My note in SFS No. 28 concerning the Angenot-Khouri bibliography of prehistoric fiction contains two significant errors, one mine, one yours.                

"The Knife and the Naked Chalk" and "The Story of Ung," mislisted (by me) under Krahn, of course belong to Kipling. (That is what comes of replacing one page with another without checking its relationship to the next.)

Poul Anderson's "The Long Remembering," on the other hand, was correctly described in my typescript as "psychic time travel...à la Allan Quartermain" (sans italics), referring not to the book by that title but to its narrator's drug-induced jataka experiences in The Ancient Allan and Allan and the Ice-Gods.                

My additions to the Angenot-Khouri bibliography might be supplemented with reference, inter alia, to titles Sam Moskowitz mentions in Under the Moons of Mars (NY: Holt, Rinehart, 1970), esp. on pp. 325, 339, and 380. If the indefatigable Mr. Moskowitz would but systematise the serendipitous by-products of his anthologizing efforts into a topical bibliography, what a service to SF scholarship that would be!  -Gordon Chamberlain


Misleading Impression

I would like to add a note to C. Bruce Hunter's review of Michael Banks' Understanding Science Fiction in the March, 1983 SFS. I am afraid that in praising the book's suitability for undergraduates with "limited attention span and minimal commitment to the subject," the reviewer has missed the point—the book's intended audience is not students but teachers of SF, presumably at the high school level. Banks knows the field, and I can see that his book could be useful as a supplementary text in an education course, but I cannot believe that most teachers (and "highly motivated" students) will not find it over-simplified and its list of resources both limited and out of date.  —Lynn F. Williams


Wells's Sphinx and Edward Bellamy

David Ketterer, in the note in SFS No. 28 wherein he makes a convincing case for identifying the Time Traveller with Oedipus, connects the Sphinx of The Time Machine with its mythological prototype. Ketterer points out in so many words what I (among others) have observed: that Wells's Sphinx "presides over 802,701" to signal the fiction's concern with "unriddl[ing] what has ultimately become of Man" (see my "The Time Machine" in Survey of Science Fiction Literature, ed. Frank N. Magill [Englewood Cliffs, NJ: 1979], V:2289). The riddle, as Ketterer sees it, has its "answer already embodied in the half human/half animal nature of the Sphinx," whose ravenous propensities link it in his mind with the Morlocks (as does its whiteness).                

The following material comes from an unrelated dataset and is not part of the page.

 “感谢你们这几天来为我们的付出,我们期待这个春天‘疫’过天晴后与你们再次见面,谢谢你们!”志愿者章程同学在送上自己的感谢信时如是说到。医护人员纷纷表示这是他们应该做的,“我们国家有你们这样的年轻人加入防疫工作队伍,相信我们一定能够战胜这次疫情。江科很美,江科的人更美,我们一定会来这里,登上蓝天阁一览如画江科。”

That linkage receives reinforcement from something else Wells may have had in mind when he took the Sphinx as emblem of a future world in which the laboring class has become predator as a Darwinian has replaced a Social Darwinian struggle for existence. He might also, that is, have been thinking of the passage in Looking Backward (1888) wherein Julian West says to Dr Leete:

You told me when we were upon the house-top that though a century only had elapsed since I fell asleep, it had been marked by greater changes in the conditions of humanity than many a previous millenium. With the city before me I could well believe that, but I am very curious to know what some of the changes have been. To make a beginning somewhere, for the subject is doubtless a large one, what solution, if any, have you found for the labor question? It was the Sphinx's riddle of the nineteenth century, and when I dropped out the Sphinx was threatening to devour society, because the answer was not forthcoming. (Looking Backward 2000-1887, ed. John L. Thomas ICambridge, MA: Harvard UP, 19671, 5:121-22)               

Certainly The Time Machine addresses itself to that "Sphinx's riddle of the nineteenth century" (among other things).                

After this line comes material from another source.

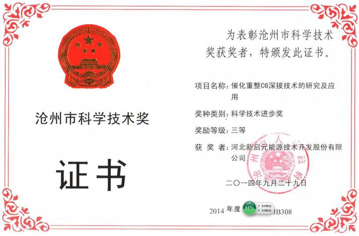 2014年10月13日河北新啟元能源技術(shù)開發(fā)股份有限公司獲得滄州市科學(xué)技術(shù)獎三等獎,獲獎項(xiàng)目為《催化重整C6深拔技術(shù)的研究及應(yīng)用》。項(xiàng)目主要完成人李志剛、喬樹華、劉海軍、劉立新、鄭擁軍。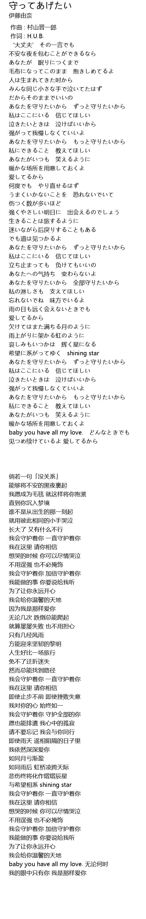| [02:43.0] | 我会守护着你 一直守护着你 |

What is not so certain is when exactly Wells read Looking Backward. There can be no doubt that he had fatniliarized himself with it before writing When the Sleeper Wakes (1899); for that book not only mentions Bellamy, it is a critique of Bella ny's futuristic vision. Moreover, it is quite possible that Wells's reaction was a delayed one: it is possible that he had read Looking Backward years earlier, perhaps in effect at William Morris's instigation,* but had been so preoccupied in The Time Machine (1894-95) and in "A Story of the Days to Come" (1897) with responding to News from Nowhere (1891; as Morris there had been in responding to Bellamy) that he did not turn his critical attention to Looking Backward until the end of the decade.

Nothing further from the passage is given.